Here we could have directly selected Maximum from the Summarize dropdown
toolbox. But that creates a new data item called Maximum (Unit Cost).
Instead, we ask Cognos to aggregate the number in the footer and drive the
type by rollup aggregation property. This will reduce one data item in query
subject and native SQL.
Multiple aggregation
We also need to show the overall average at the bottom. For this we have to create a new data
item. Hence, we select unit cost and create an Average type of aggregation in step 5. This
calculates the Average (Unit Cost) and places it on the product line and in the overall footer.
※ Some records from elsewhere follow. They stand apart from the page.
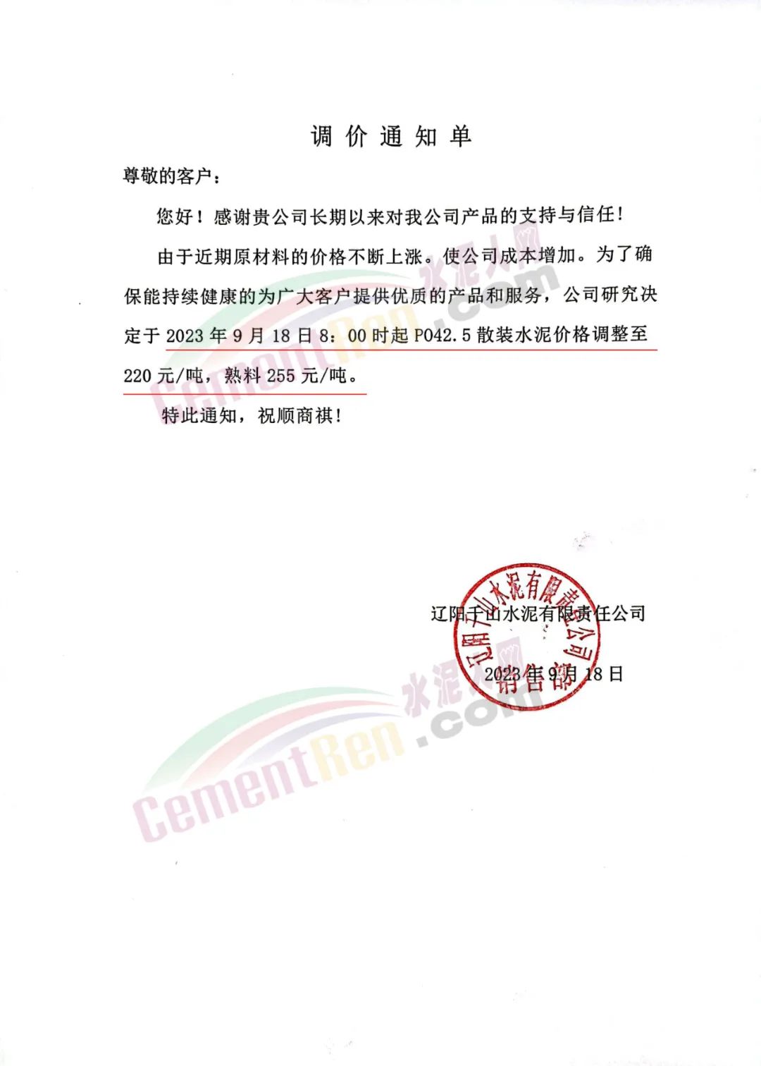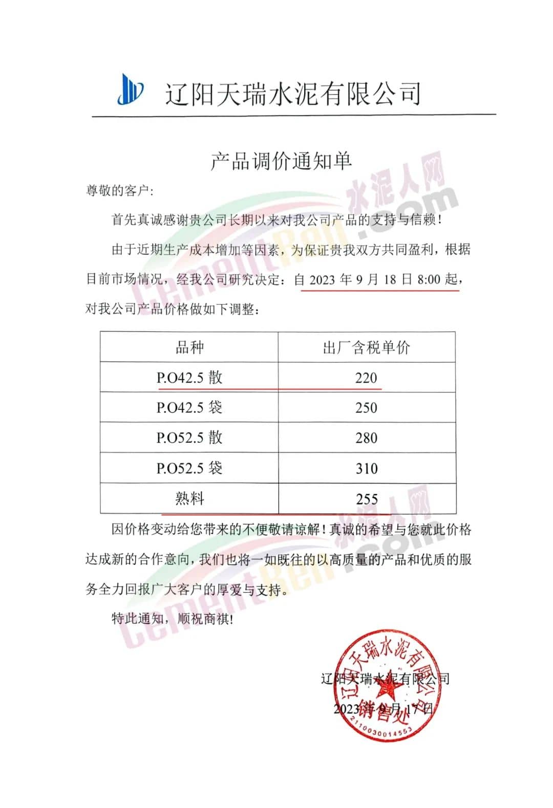 遼陽天瑞水泥有限公司通知,由于近期生產(chǎn)成本增加等因素,根據(jù)目前市場情況,經(jīng)公司研究決定:自2023年9月18日8:00起執(zhí)行新報價。其中P.O42.5散裝水泥出廠含稅報價220元/噸。熟料報價255元/噸。
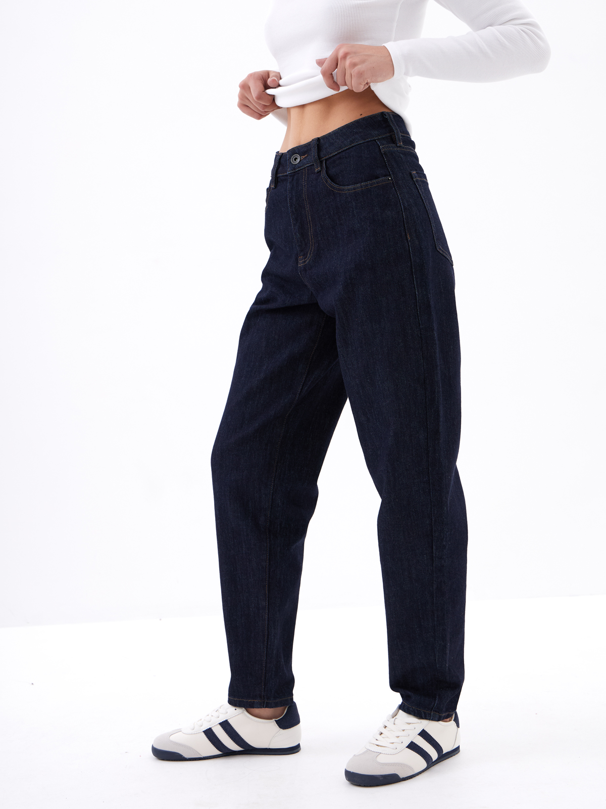 Джинсы силуэта мом на рост 158-164 см выполнены из хлопкового денима с добавлением эластана в нескольких оттенках синего денима. Благодаря смешению натурального хлопка с эластаном, брюки обладают достаточной растяжимостью, обеспечивая комфорт и свободу движений. Эти стильные синие джинсы в силуэте "мом" создают непринужденный и расслабленный образ. Свободный крой на талии с высокой посадкой и слегка зауженными книзу штанинами визуально вытягивает фигуру, подчеркивая линию бедер. Универсальный синий цвет и практичный крой делают эти джинсы-мом практичным и выгодным приобретением для любого гардероба. Чтобы выглядеть стильно, можно подвернуть низ брючин, обнажив лодыжку. Широкая линейка размеров поможет подобрать нужный размер по фигуре. Особенности джинсов мом: высокая посадка, которая подчеркнёт талию и создаст женственный силуэт.
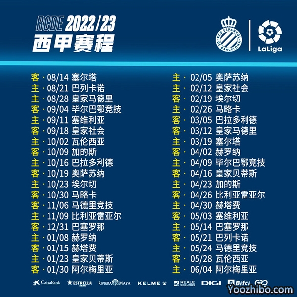2022-2023赛季西班牙人赛程表
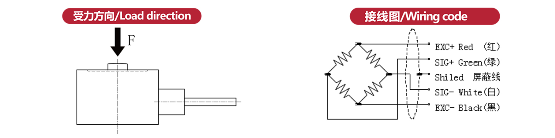 Ex+:紅;Ex-:黑;Sig+:綠;Sig-:白 |
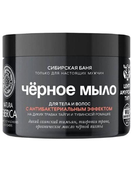 Black soap for body and hair “Siberian Bath” with a rich composition of antibacterial and antimicrobial natural ingredients cleanses the body and hair 100%. Helps increase the overall immunity of the body. The aroma of wild Siberian herbs completely immerses you in the atmosphere of a real Siberian bathhouse. With it, taking a shower or your favorite bath turns into a perfect bath ritual. Chamomile extract has the strongest natural antibacterial properties due to its high content of tannins and azulene. Organic black fir oil, a powerful natural antiseptic, effectively cleanses skin and hair, improves cell immunity, and protects against environmental influences. Tiger grass extract, known for its powerful antioxidant properties, deeply nourishes the skin and protects the body. Contains tannins (up to 25%), flavonoids and phytosterols. Wild Sayan thyme contains tannins and thymol, as well as vitamins B and C. It perfectly cleanses the skin and improves the overall tone of the body.
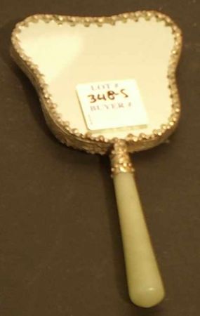 2966 Small hand mirror with emboss silverplate backing and jade handle
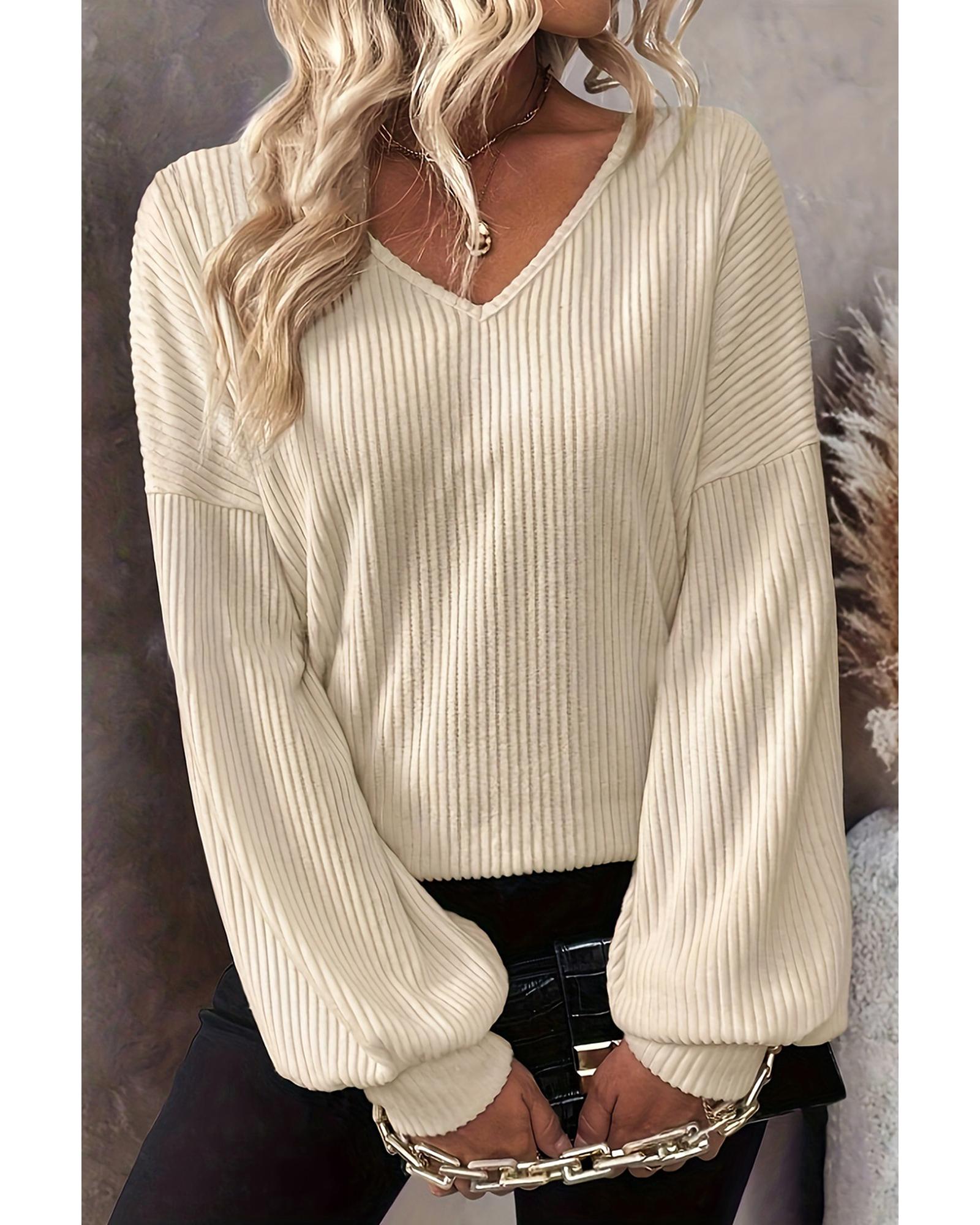 White Knot Back Drop Shoulder Ribbed Long Sleeve Blouse – M
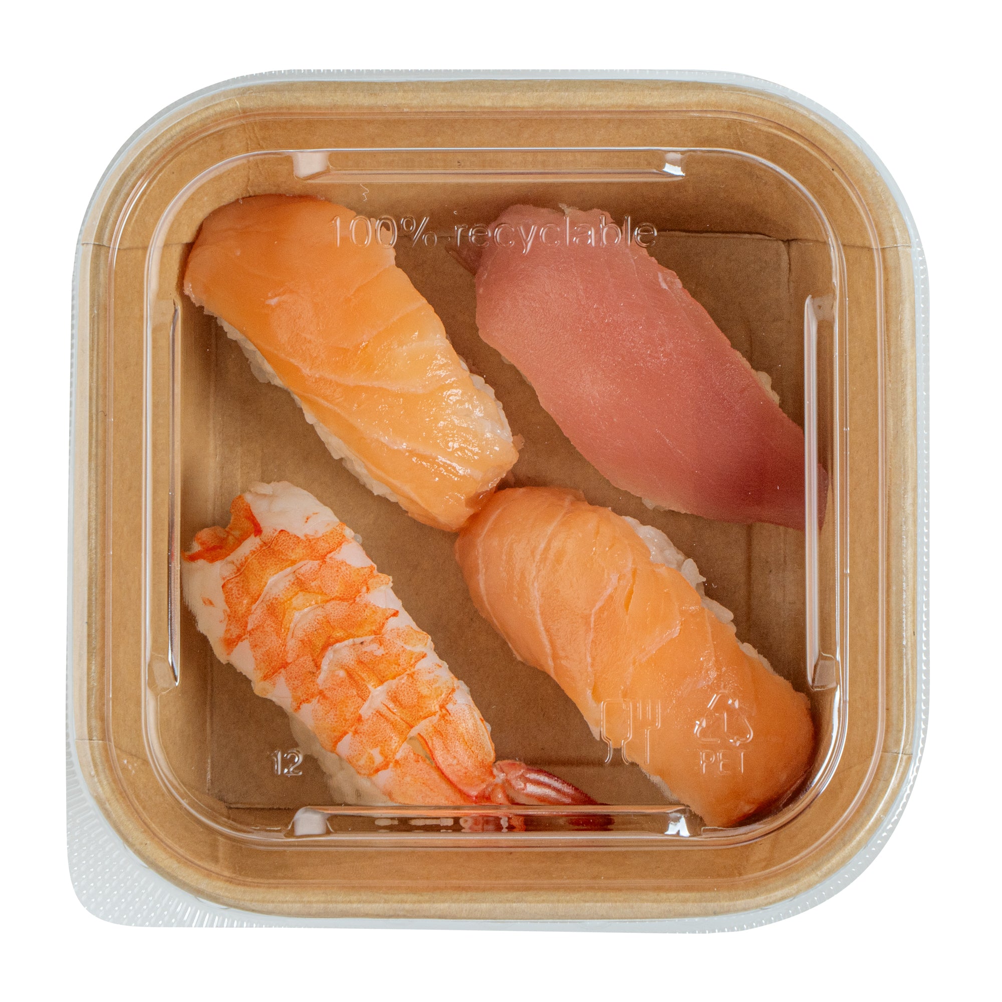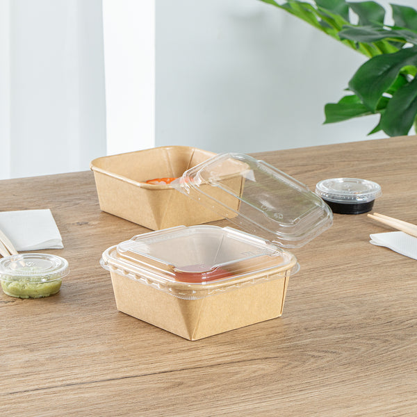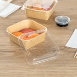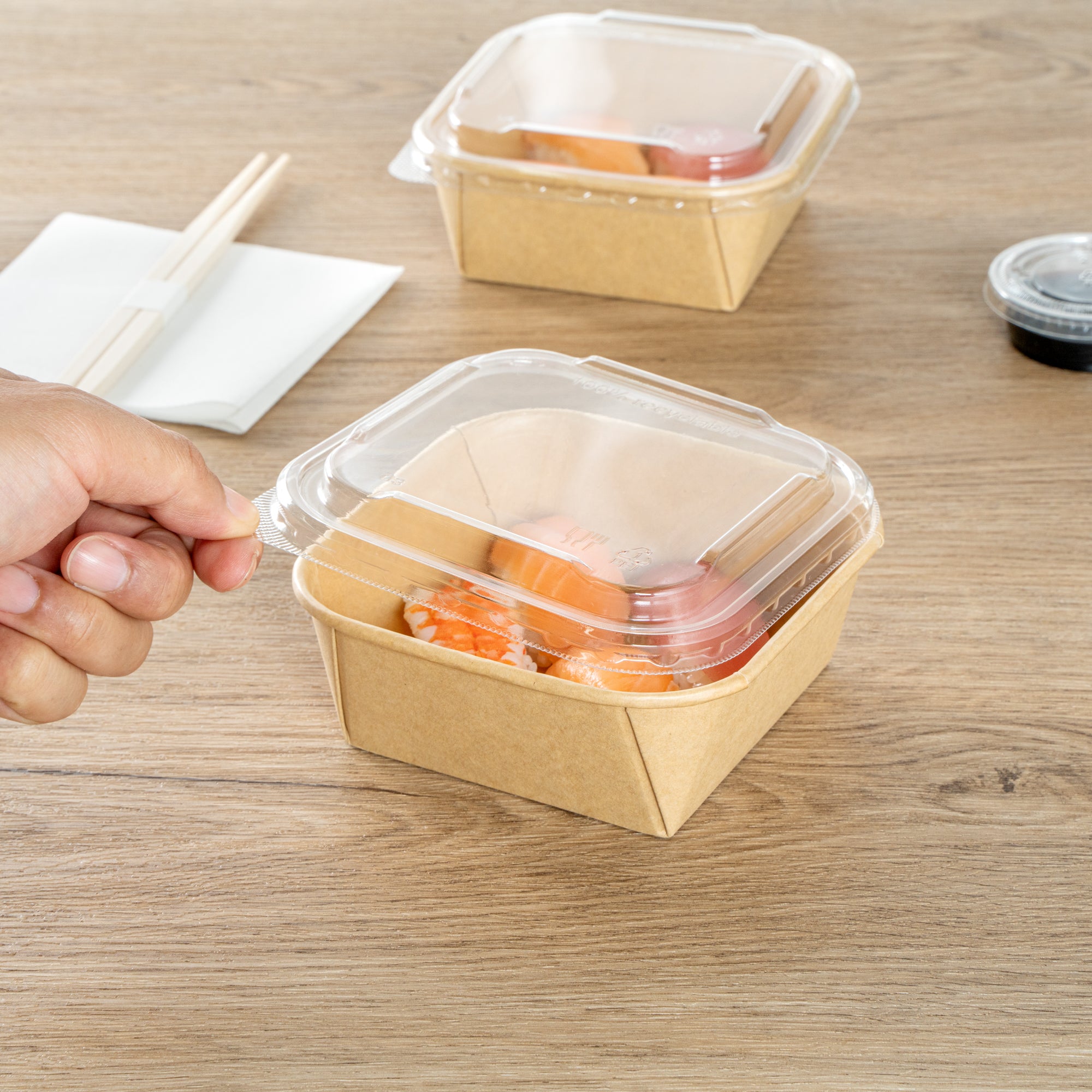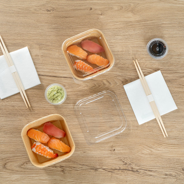 Showcase your sushi creations with our Matsuri Vision Clear PET Plastic Lids. These plastic lids can be paired with matching containers (SKUs: RWA1461K and RWA1462K) and form a tight seal, preventing accidental openings or spills during transit. With an anti-fog design, these lids for food containers avoid condensation buildup, ensuring that customers can easily see the delicious contents inside without obstruction. Featuring a crystal clear finish, these container lids beautifully showcase the vibrant colors and textures of your exquisite sushi. Crafted from premium plastic, these clear lids are durable and sturdy, keeping your culinary creations securely packed. These disposable lids can be discarded after use and help shorten your cleaning process. Suitable for ecologically-conscious foodservice establishments, these to go sushi container lids are recyclable and help minimize your carbon footprint. Each transparent lid measures 5.25 inches in length by 5.25 inches in width by 0.75 inches in height. Sold in a 100 count box. Containers are available and sold separately.
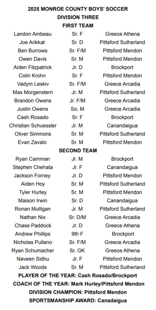 Joining Rosado on the Division III First Team includes fellow Blue Devil Aiden Fitzpatrick along with Colin Krohn, Ben Burrows, Evan Zavalo and Owen Davis of the 22-time sectional champions and winners of Monroe County Division III Pittsford Mendon. Max Morgenstern, Oliver Simmons and Joe Arikkat got nods out of Pittsford Sutherland while the Greece Arcadia trio of Bradon Owens, Vadym Leskiv and Justin Owens earned selections as well. Brandon Owens led all of Division III with 13 goals and 12 assists in the regular season for a total of 38 points. Landon Ambeau (Greece Athena) and Christopher Schuessler (Canandaigua) round out the first team.
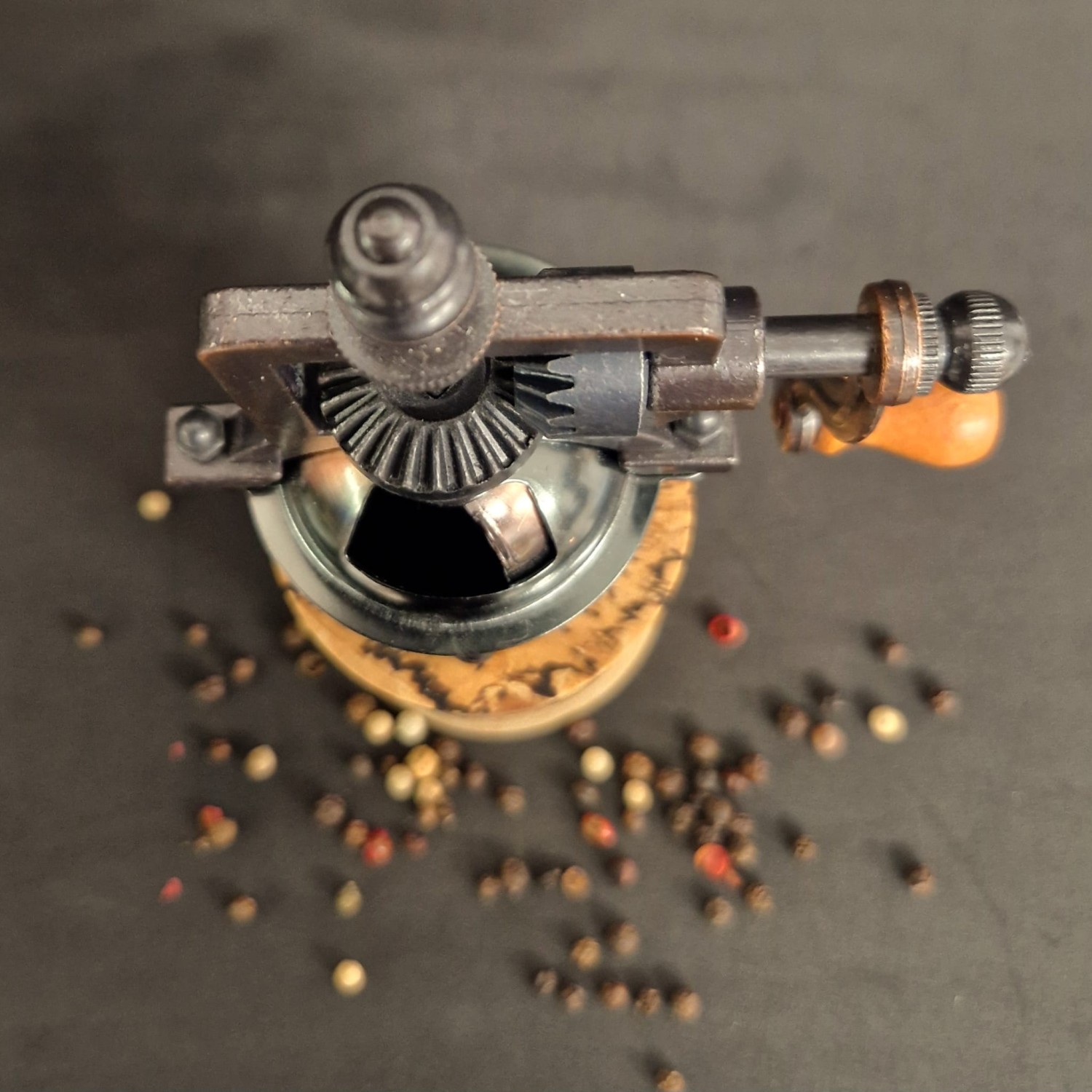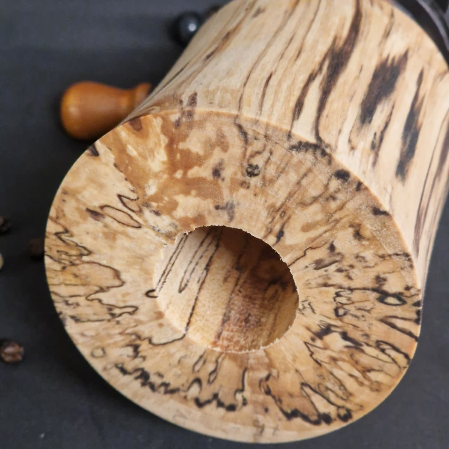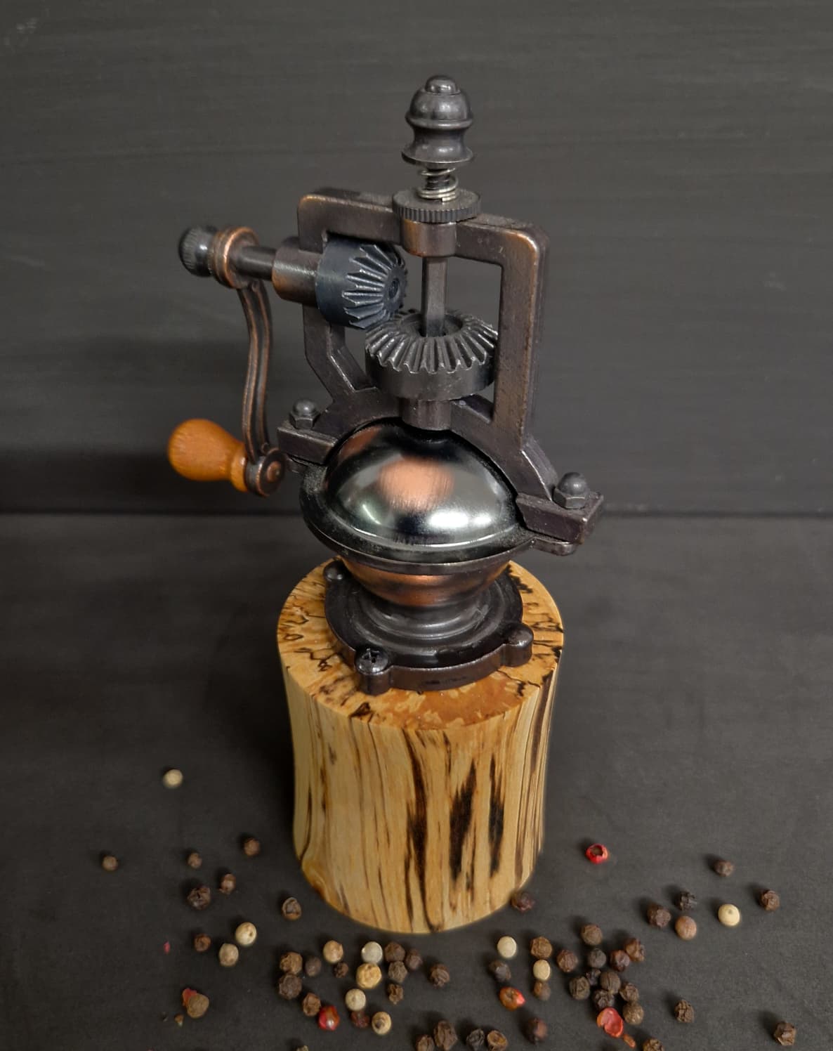 Elégant et plein de caractère, ce petit moulin vintage est une pièce unique entièrement façonnée à la main. Son corps en bois de bouleau tourné, aux veines naturelles marquées. lui confère un charme brut et authentique, tandis que son mécanisme en métal apporte une touche industrielle intemporelle.

We then deleted the aggregations that are not required in step 7.
There's more...
The rollup aggregation of any item is important only when you create the aggregation of
Aggregate type. When it is set to automatic, Cognos will decide the function based on the
data type, which is not preferred.
It is good practice to always set the aggregation and rollup aggregation to a meaningful
function rather than leaving them as automatic.